● AVAILABLE DATA
===============
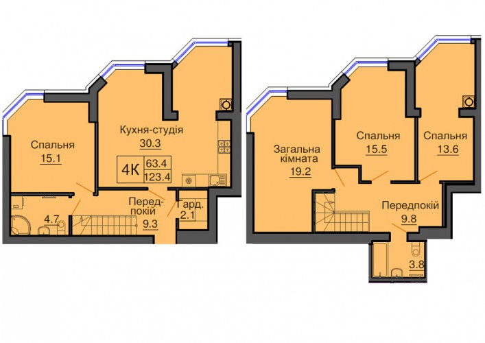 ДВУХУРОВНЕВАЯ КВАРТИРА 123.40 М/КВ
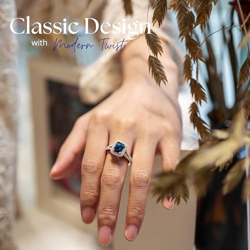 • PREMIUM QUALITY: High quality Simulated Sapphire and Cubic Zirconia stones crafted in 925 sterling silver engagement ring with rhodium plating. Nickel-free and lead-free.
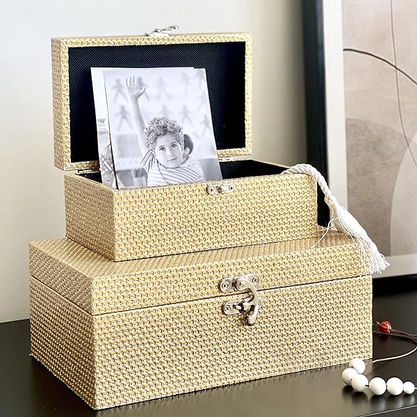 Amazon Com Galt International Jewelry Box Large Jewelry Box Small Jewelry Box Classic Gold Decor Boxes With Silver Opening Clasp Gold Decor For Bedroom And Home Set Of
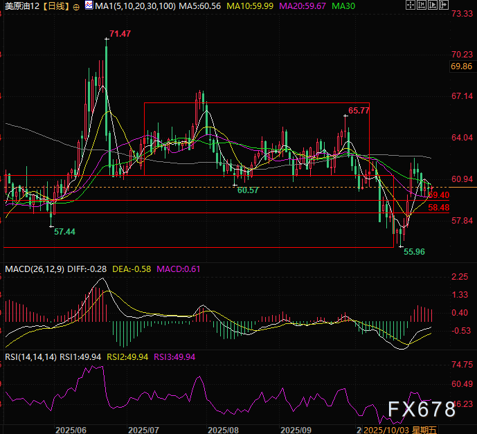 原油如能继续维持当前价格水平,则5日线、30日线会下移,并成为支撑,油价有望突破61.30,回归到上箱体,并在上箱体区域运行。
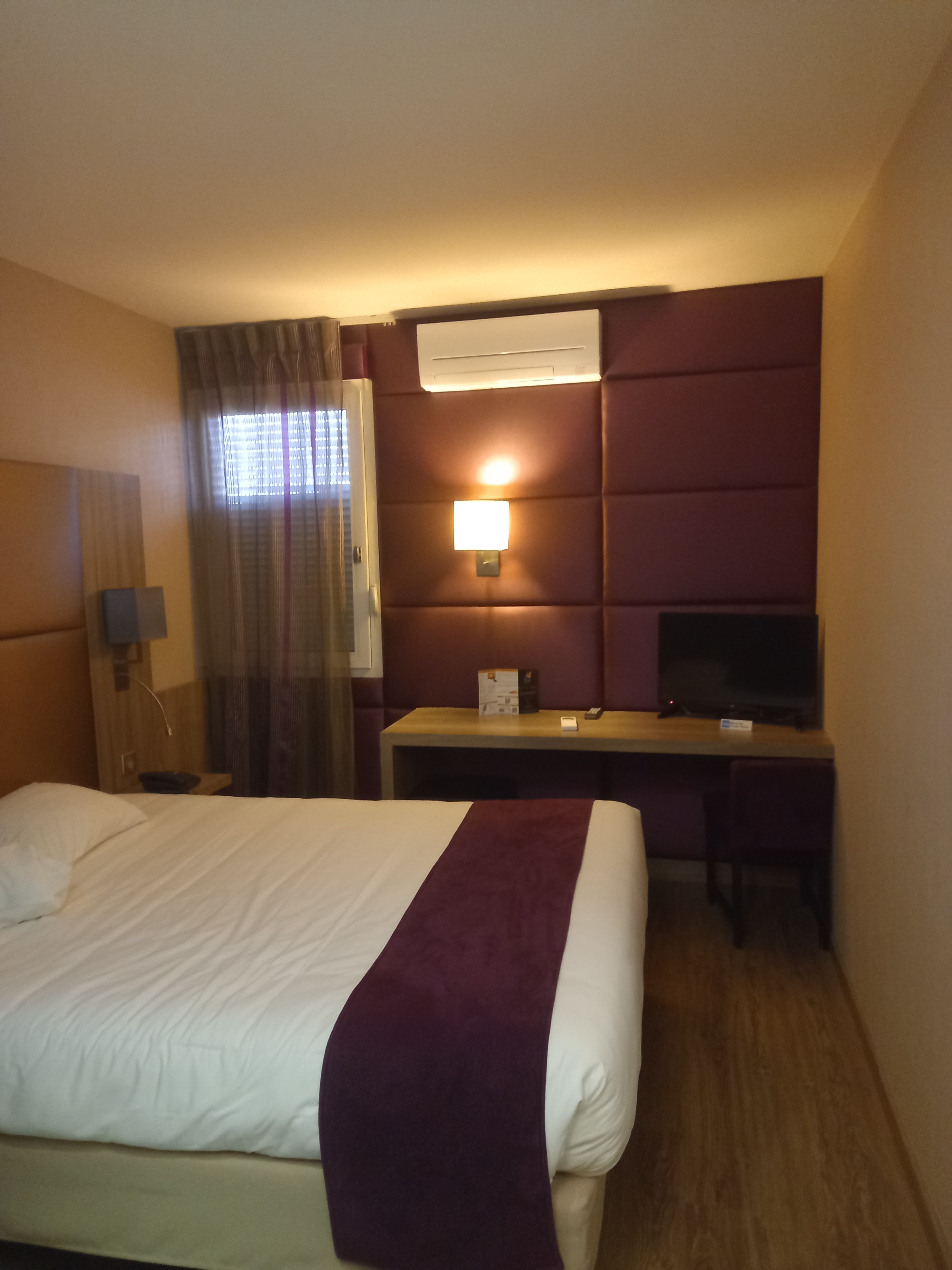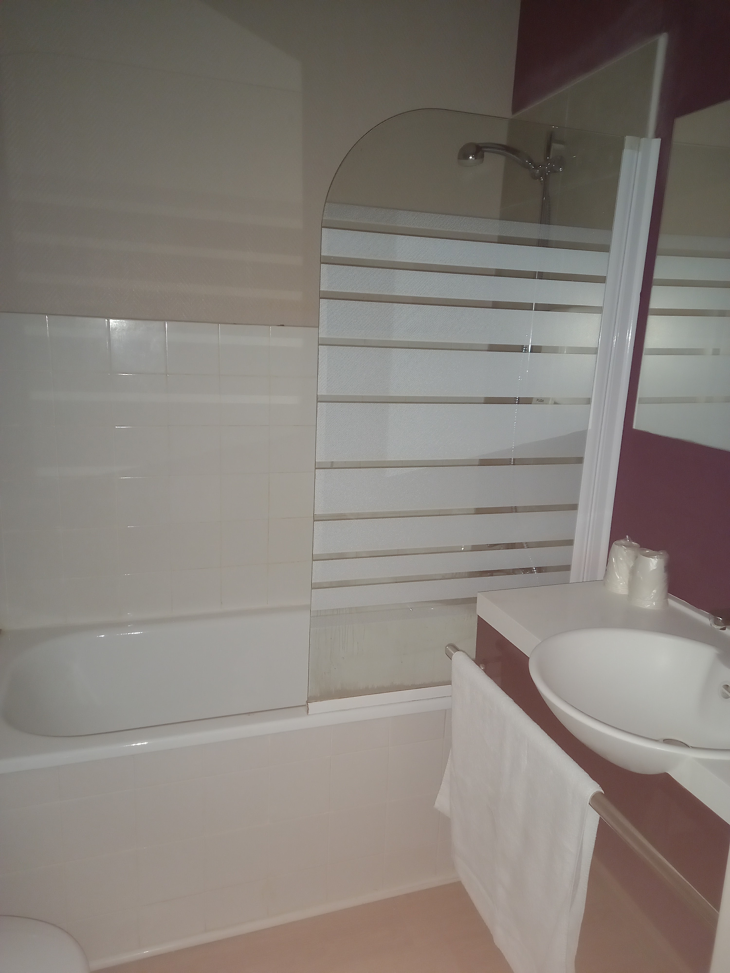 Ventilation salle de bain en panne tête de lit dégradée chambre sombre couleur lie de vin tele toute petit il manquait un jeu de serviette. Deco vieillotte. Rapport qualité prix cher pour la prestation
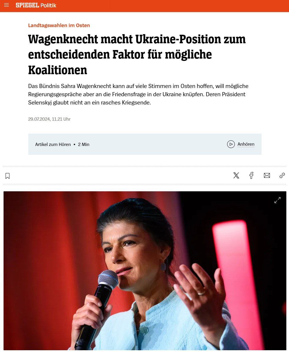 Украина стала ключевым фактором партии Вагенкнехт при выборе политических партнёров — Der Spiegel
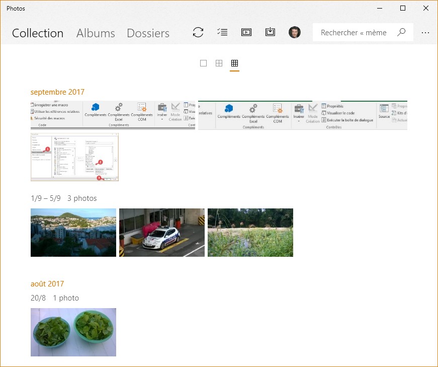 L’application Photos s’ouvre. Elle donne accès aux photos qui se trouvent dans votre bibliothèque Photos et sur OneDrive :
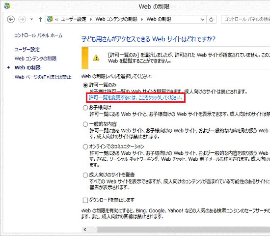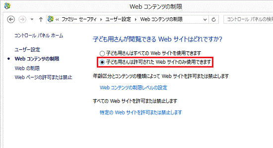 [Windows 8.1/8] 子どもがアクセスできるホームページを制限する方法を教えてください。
===============
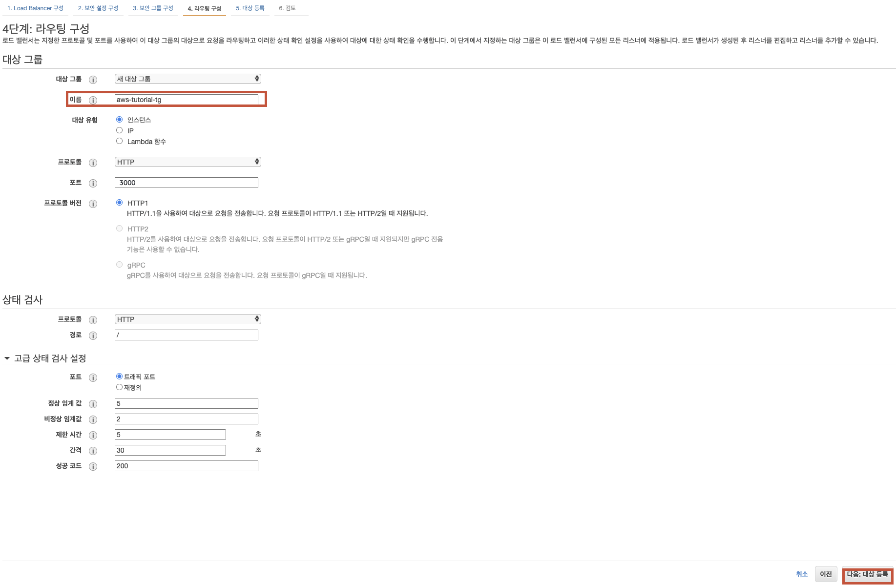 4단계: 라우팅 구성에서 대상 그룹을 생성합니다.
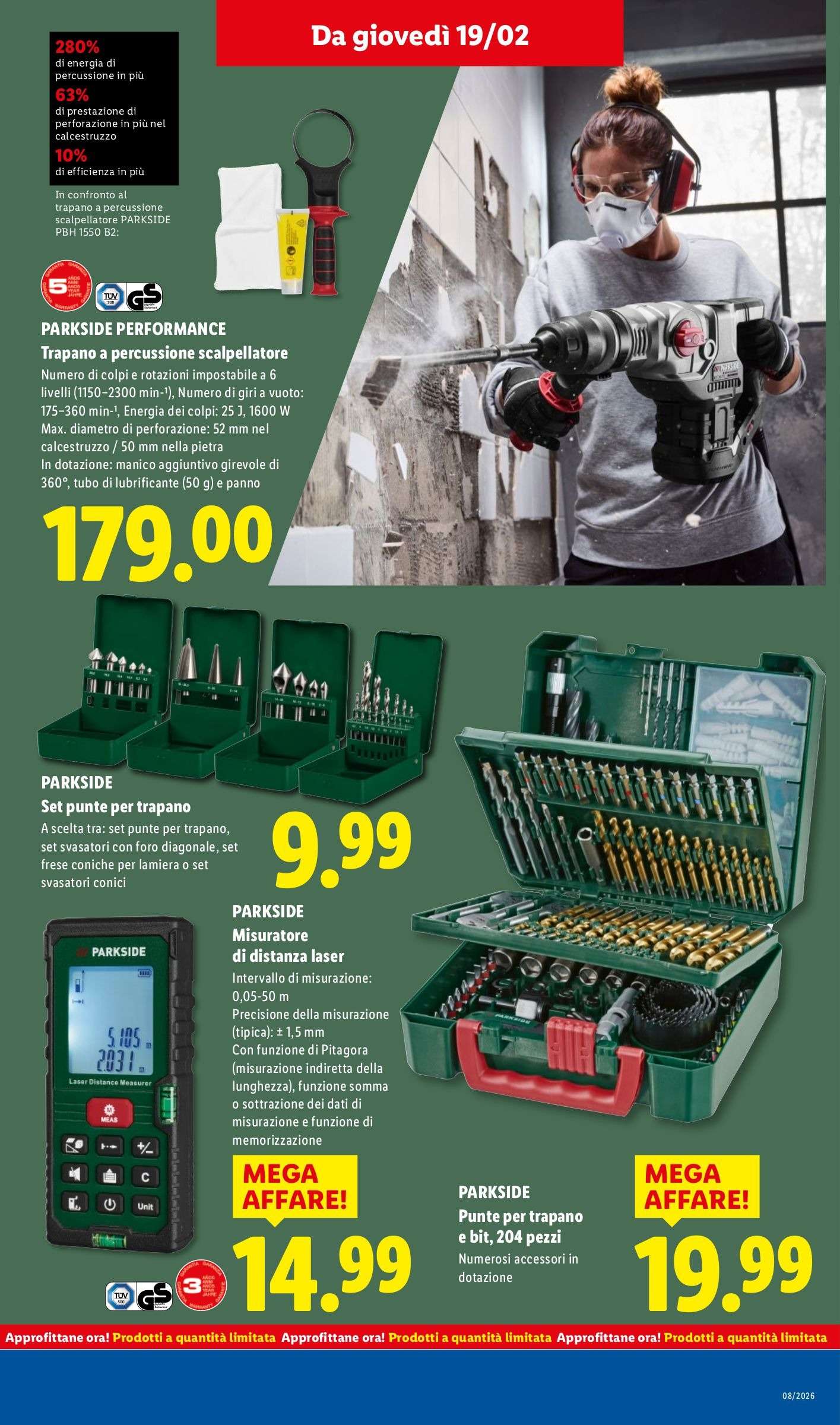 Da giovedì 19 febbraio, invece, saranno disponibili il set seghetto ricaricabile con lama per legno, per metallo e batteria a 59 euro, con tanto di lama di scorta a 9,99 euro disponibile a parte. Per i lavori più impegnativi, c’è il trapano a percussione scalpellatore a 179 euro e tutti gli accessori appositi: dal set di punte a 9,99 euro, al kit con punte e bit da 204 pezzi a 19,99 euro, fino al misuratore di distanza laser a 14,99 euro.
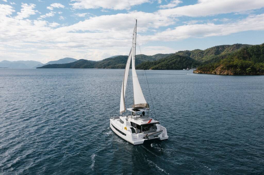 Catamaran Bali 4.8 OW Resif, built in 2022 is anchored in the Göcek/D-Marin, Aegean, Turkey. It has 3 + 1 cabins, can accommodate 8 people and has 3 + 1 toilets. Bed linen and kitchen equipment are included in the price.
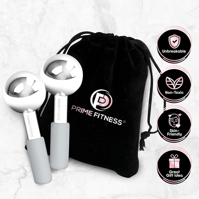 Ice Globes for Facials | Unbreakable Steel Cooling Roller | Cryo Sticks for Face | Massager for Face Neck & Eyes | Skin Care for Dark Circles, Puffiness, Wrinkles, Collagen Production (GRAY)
===============
● YOUR GOAL
Using the data above, which lines fall from the one with "ДВУХУРОВНЕВАЯ КВАРТИРА 123.40 М/КВ" through the one with "Amazon Com Galt"? Repeat them exactly, ends included, minus any pictures.

● TASK OUTPUT
 ДВУХУРОВНЕВАЯ КВАРТИРА 123.40 М/КВ
 • PREMIUM QUALITY: High quality Simulated Sapphire and Cubic Zirconia stones crafted in 925 sterling silver engagement ring with rhodium plating. Nickel-free and lead-free.
 Amazon Com Galt International Jewelry Box Large Jewelry Box Small Jewelry Box Classic Gold Decor Boxes With Silver Opening Clasp Gold Decor For Bedroom And Home Set Of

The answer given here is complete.